### Aim of the exercise
Shown below is a listing with pictures; reproduce exactly, and only, the lines between the ones containing "St. Joseph Church Cecilia, La." and "Toukley tries a", inclusive, leaving the pictures out.

### Given data
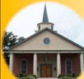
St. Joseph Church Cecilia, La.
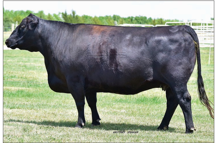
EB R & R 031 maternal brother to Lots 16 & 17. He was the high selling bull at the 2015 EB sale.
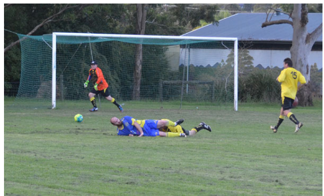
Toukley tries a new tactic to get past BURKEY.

--

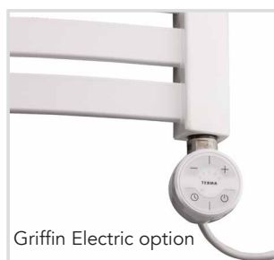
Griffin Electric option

### Response below
St. Joseph Church Cecilia, La.
EB R & R 031 maternal brother to Lots 16 & 17. He was the high selling bull at the 2015 EB sale.
Toukley tries a new tactic to get past BURKEY.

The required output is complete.